What are the Chances

Of seeing any.

Chance is a lot more patient than most people think. Take this one, for example. She waits by his bed where he complains he is often awake, worrying she’ll never come again. But every time she shows up, there he is, snoring. He wakes on occasion, to cry about his misfortune. She waits, listening. She’s not one to speak right away, and by the time she does, he’s unconscious again. He sleeps and she turns out the light before leaving. In the morning he’ll decide it’s too bad that he missed those chances from another time, crying about how they never visit anymore.

In the Mesh

A visitor to the abstractionists.

There was a visitor. The visitor had some questions but didn’t give a name. 

The visitor inquired. Let me ask you this: why did you bother with a trip to the moon if all you found were pleasant pictures to remind you back to the optimism of the intellect that got you here?

Writing in light is a matter of stage management, the visitor told us. And it’s worth asking how you got from the beginning word to this endless buffet of utopian manifestos made manifest by your co-opting of the lens. 

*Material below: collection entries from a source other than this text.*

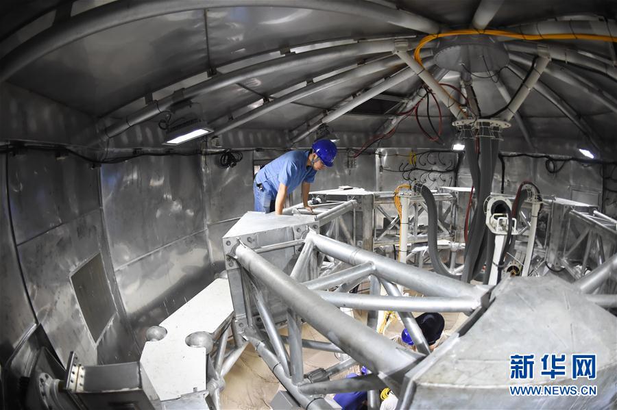 •      8月10日,石向瑋在FAST饋源艙內作業。新華社記者歐東衢 攝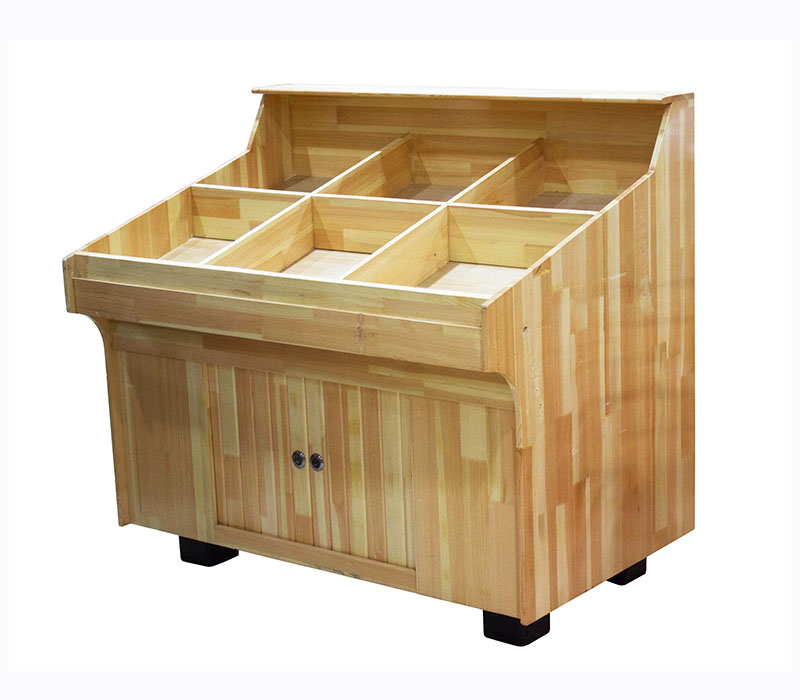 产品编号:Q-103 产品颜色:松木、橡木 使用场地:主要适用于蔬菜水果店,超市生鲜区域等场所 产品描述:木质果蔬架一般采用橡木或者松木板加工而成,木板表面为防划痕环保清漆,支腿采用注塑材质,五金件连接组合而成。木质果蔬架的特点是外观美观大方,适合于干货店粮米店以及果蔬店使用。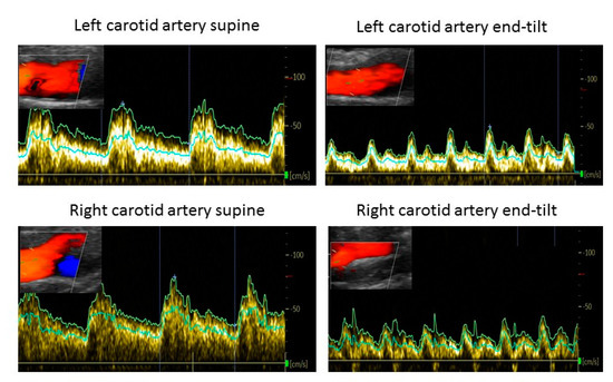 - Van Campen, L.M.C.; Verheugt, F.W.A.; Visser, F.C. Cerebral blood flow changes during tilt table testing in healthy volunteers, as assessed by Doppler imaging of the carotid and vertebral arteries. Clin. Neurophysiol. Pract. 2018, 3, 91–95. [Google Scholar] [CrossRef] [PubMed]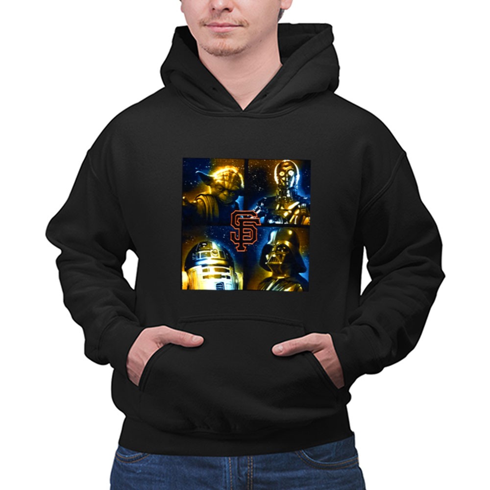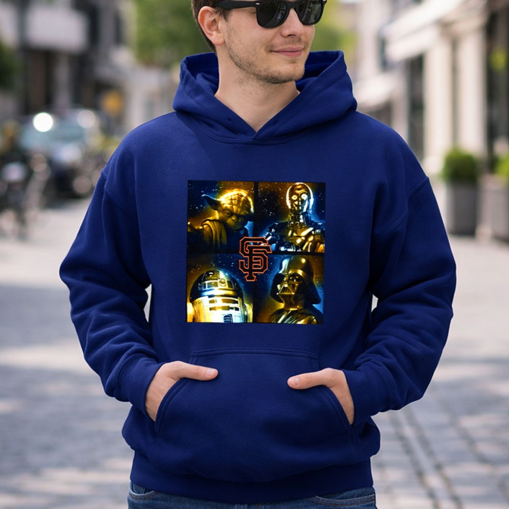 This design captures the fun spirit of two legendary worlds, merging the San Francisco Giants’ pride with the timeless allure of Star Wars. Featuring beloved characters like Yoda, Darth Vader, R2-D2, and C-3PO against a cosmic backdrop, it embodies a sense of unity and celebration for fans. It’s a playful tribute to game day excitement and the shared joy of fandom.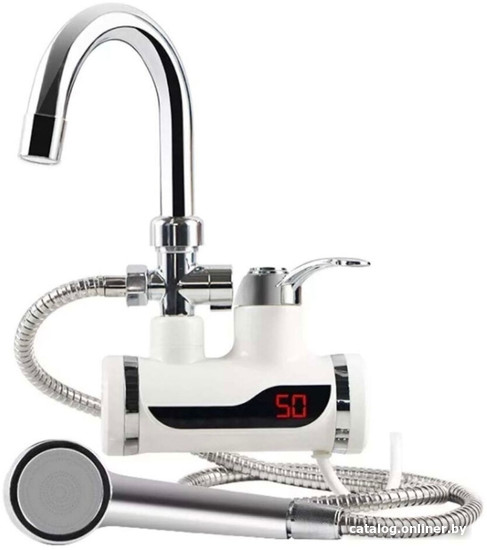 Проточный электрический водонагреватель кран+душ Saniteco WM-001-C2 с душем (белый)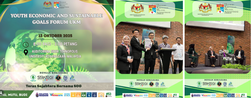 On 13th October 2025, UKM Malaysian Environment and Green Energy Association (EniGMA-UKM) had organized Youth Economic and Sustainable Goals Forum collaboration with UKM Strategy Centre, UKM International Strategic Negotiations and Sustainable Development Goals Center (UKM ISN SDG) and UKM Students’ Union (KMUKM). The program aims to explore ideas, opportunities, and the role of youth in realizing the nation’s sustainable economy. The forum session bringing together the voices of students, national leaders, industry players, and NGOs was successfully held at Universiti Kebangsaan Malaysia, featuring rich and meaningful discourse. Through multi-stakeholder perspectives, participants had the opportunity to discuss critical issues such as green economic development, climate change, employment opportunities, and the role of students in advancing the nation’s sustainability agenda.
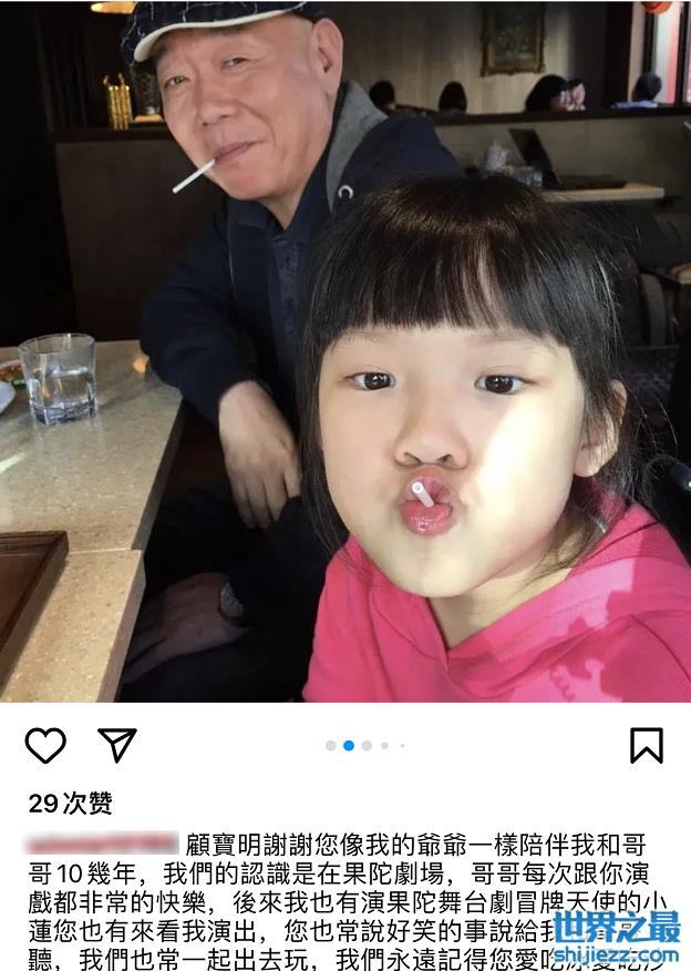 两人最后一次见面是在去年,好友也公开了其合影,他直言顾宝明像爷爷一样陪伴着他和哥哥10几年,两人是在果陀剧场认识的,还直言顾宝明经常说好笑的事情给他和哥哥,另外也经常一起出去玩,也永远记得顾宝明爷爷爱吃冰爱吃沙琪玛。
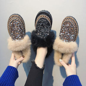 水钻亮片毛毛鞋女冬外穿加绒百搭豆豆鞋2021新款厚...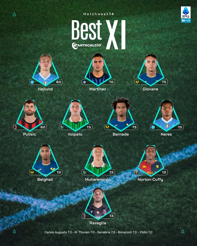 意甲官方第14轮最佳阵容:劳塔罗、普利西奇、霍伊伦入选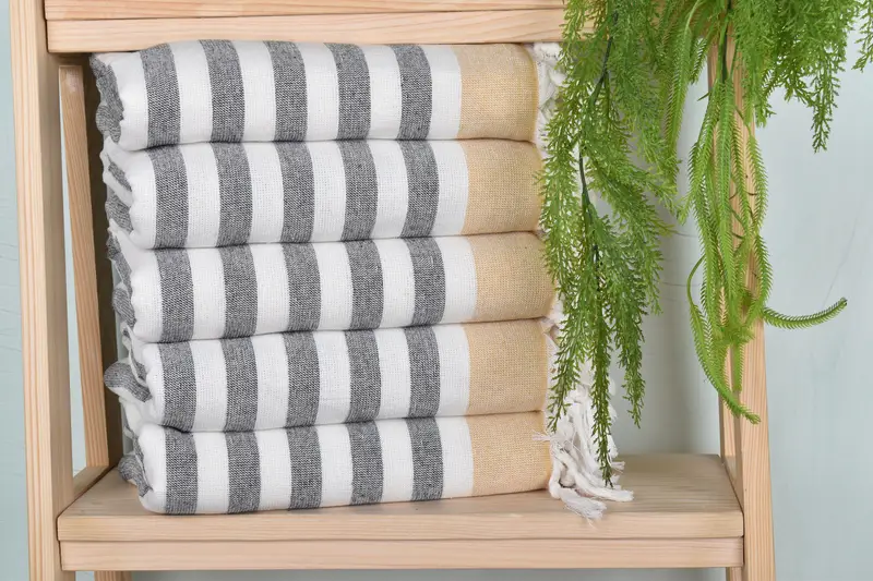 The towel is composed of organic cotton and linen, ensuring a breathable and comfortable feel. Resulting in a weight of 422 grams, it measures 40x67 inches, with handmade weaving producing a tolerance of approximately 1-2.5cm.

We didn’t know what to say. There’s a start, the visitor nodded. Try abandoning confidence.

One of us moved to speak.

Shh, the visitor said. Look around. Consider, for example, this net of records. You keep trying to close it, to capture its contents. But it will not be closed, and you are in it. Debt, in the end, will have no satisfaction.

The visitor was silent, then. One among us asked, what are you thinking?

Nothing.

Nothing? we pressed.

Here’s a cipher: zero. Without it, no algorithm: 00101001 . . ., and so on. You were so excited when you made that a starting point, for calculating the value of a loaf of bread against the cost of making it, the weight of fish against the trouble of going out; the power of, say, the atom bomb. But as the net only grows more intricate, cutting blood off at the wrists, are you any closer to seeing, as you say, The Big Picture

Abstraction always does this, and only the abstractionists have the stolen luxury of negating particulars. This junco, this scarred back, these soiled diapers, this afternoon, that baby’s pink sock in the middle of the road. Even subtle omissions in the particulars of birdsong make it impossible for one to be recognized as a member of its own kind.

So, we asked the visitor. Um, how are you, anyway?

Great. Fine. Take your pick among the abstractions you prefer. Each is a substitute for the here before you, a zero to add to or take from. 

An old saying: the devil in the details. As if to negate the trope of the killer in disguise.

But where does the time go? As it runs through your splayed fingers and you still forget to drink, too distracted by your reflecting pool of questions of who you are and the meaning of it all and the big nothings of what now and when, forgetting the bodies right here––one, and one, and one––preferring the salvation of nowhere.

We wanted the visitor to elaborate, but the visitor turned, saying someone needs to check the buds, the eggs, the dishes and the tiny nests, and the waters, while you orbit around your zeroes and keep on deciding there are not enough fish.